I consoli schierarono sull'ala sinistra la cosiddetta prima legione, ad affrontare la falange macedone
e ambraciota e i mercenari tarantini. A fianco della prima, schierarono la terza, dirimpetto la falange
tarantina con i suoi bianchi scudi, e le forze alleate di Bruzi e Lucani.
(6) Liv. 10.26.14: itaque praeterquam quod ambo consules profecti ad bellum erant cum quattuor
legionibus et magno equitatu Romano Campanisque mille equitibus delectis, ad id bellum missis, et
sociorum nominisque Latini maiore exercitu quam Romano.
Inoltre entrambi i consoli erano partiti in guerra con quattro legioni e un grande contingente di
cavalleria romana, con in aggiunta mille cavalieri scelti tra i Campani e inviati per quella guerra; e
l’esercito degli alleati di condizione latina era perfino più grande di quello romano.
(7) Liv. 10.29.12: tum Fabius audita morte collegae Campanorum alam, quingentos fere equites,
excedere acie iubet et circumvectos ab tergo Gallicam invadere aciem.
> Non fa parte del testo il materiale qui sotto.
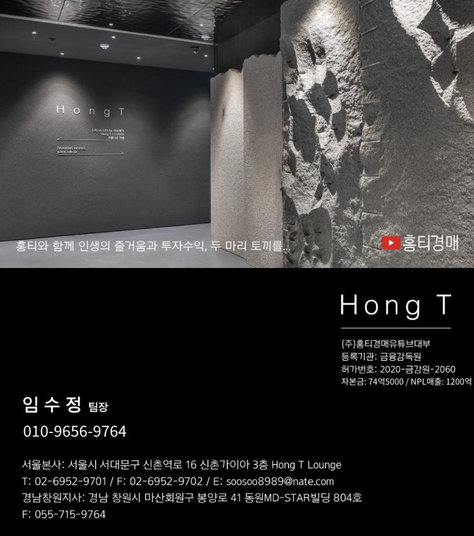 자본금 7,450,000,000원 NpL매수 50,000,000,000원 신탁NpL 할인받아 빌딩취득은 홍티경매유튜브대부와 함께.. 상담문의 02-6952-9701
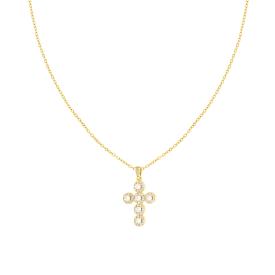 Collana con catena Veneziana tonda con accessorio pendente a forma di croce con dettaglio colore oro e finitura liscia e lucida.
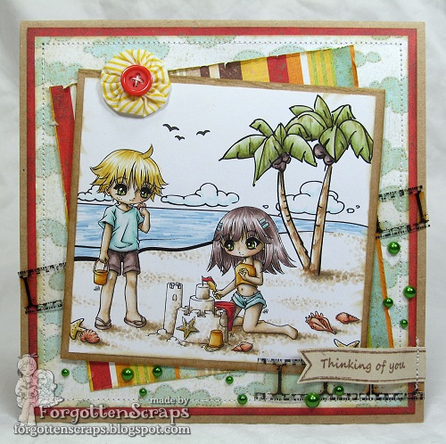 It’s a new challenge at Make it Crafty and this week’s (or I guess 2-weeks’) theme is “Sunshine, Beach and BBQ” with an optional color challenge of “Water.” It’s perfect for those who are in the southern hemisphere and also for those of us up north who are wishing for some warmer weather! I didn’t take the water challenge but my scene screams “Sunshine and Beach!!” Make sure you visit the MiC Blog this week and see everyone’s projects. 😀
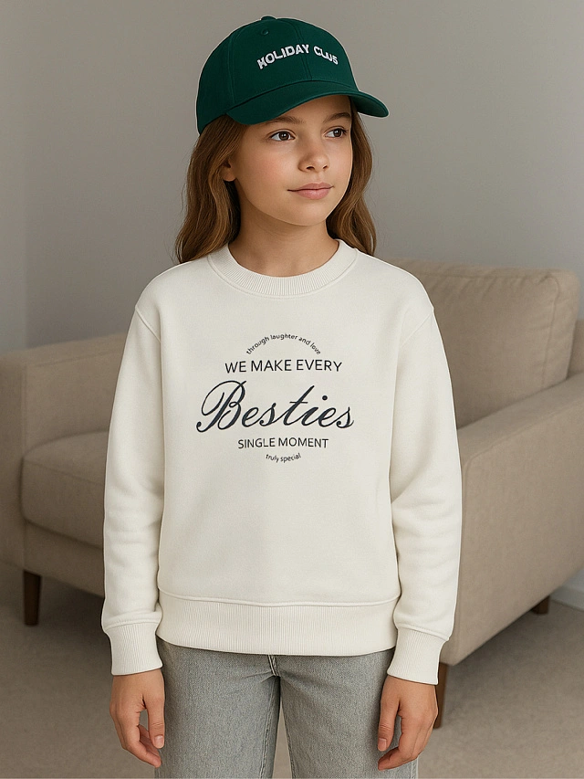 Надпись с добрым посылом подчеркивает ценность дружбы. Состав с преобладанием хлопка обеспечивает воздухообмен, а полиэстер добавляет прочности и устойчивости к деформации. Свитшот подойдет для школы, прогулок или отдыха — в нем юная модница будет чувствовать себя уютно и уверенно. Универсальный бежевый цвет легко сочетается с джинсами, юбками или спортивными брюками.
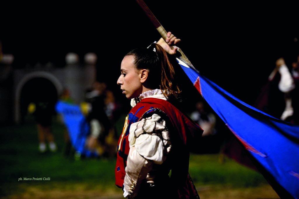 Eravamo io e la mia amica Giada, ed eravamo furiose. Da bambina guardavo sfilare quelle bandiere per le strade di Cori e sognavo, ma crescendo capisci che c’era un non detto: c’erano solo ragazzi. Per cui, stavamo organizzando una raccolta firme. Volevamo forzare la mano, e dire “ci siamo anche noi”. Stavamo lì a limare i fogli della petizione quando, per una coincidenza assurda, gli Sbandieratori dei Rioni di Cori hanno mostrato sui social la presenza di ragazze! Avevamo le penne pronte per la battaglia, e invece ci siamo ritrovate a firmare l’iscrizione. È capitata così, poi tra l’iniziare e rimanere c’è sempre un percorso.

Alla notizia della morte del suo collega, Fabio ordina a uno squadrone di Campani, composto da
circa cinquecento cavalieri, di uscire dallo schieramento e di spostarsi per attaccare i Galli alle
spalle.
(8) Liv. 23.4.8: et, quod maximum vinculum erat, trecenti equites, nobilissimus quisque
Campanorum, cum militarent aliquando apud Romanos in praesidia Sicularum urbium delecti ab
Romanis ac missi.
E il vincolo più stretto in assoluto era costituito dal fatto che trecento cavalieri campani di stirpe
nobilissima erano stati scelti, giacché talvolta servivano presso i Romani, e inviati dai Romani a
presidiare le città della Sicilia.
(9) Vell. 1.14.6-7: At quintum Fabio Quinto, Decio Mure quartum consulibus, quo anno Pyrrhus
regnare coepit, Sinuessam Minturnasque missi coloni, post quadriennium Venusiam; interiectoque
biennio, M'. Curio et Rufino Cornelio consulibus, Sabinis sine suffragio data civitas: id actum ante
annos ferme CCCXX. At Cosam et Paestum abhinc annos ferme trecentos, Fabio Dorsone et
Claudio Canina consulibus, interiecto quinquennio, Sempronio Sopho et Appio, Caeci filio,
consulibus, Ariminum <et> Beneventum coloni missi et suffragii ferendi ius Sabinis datum.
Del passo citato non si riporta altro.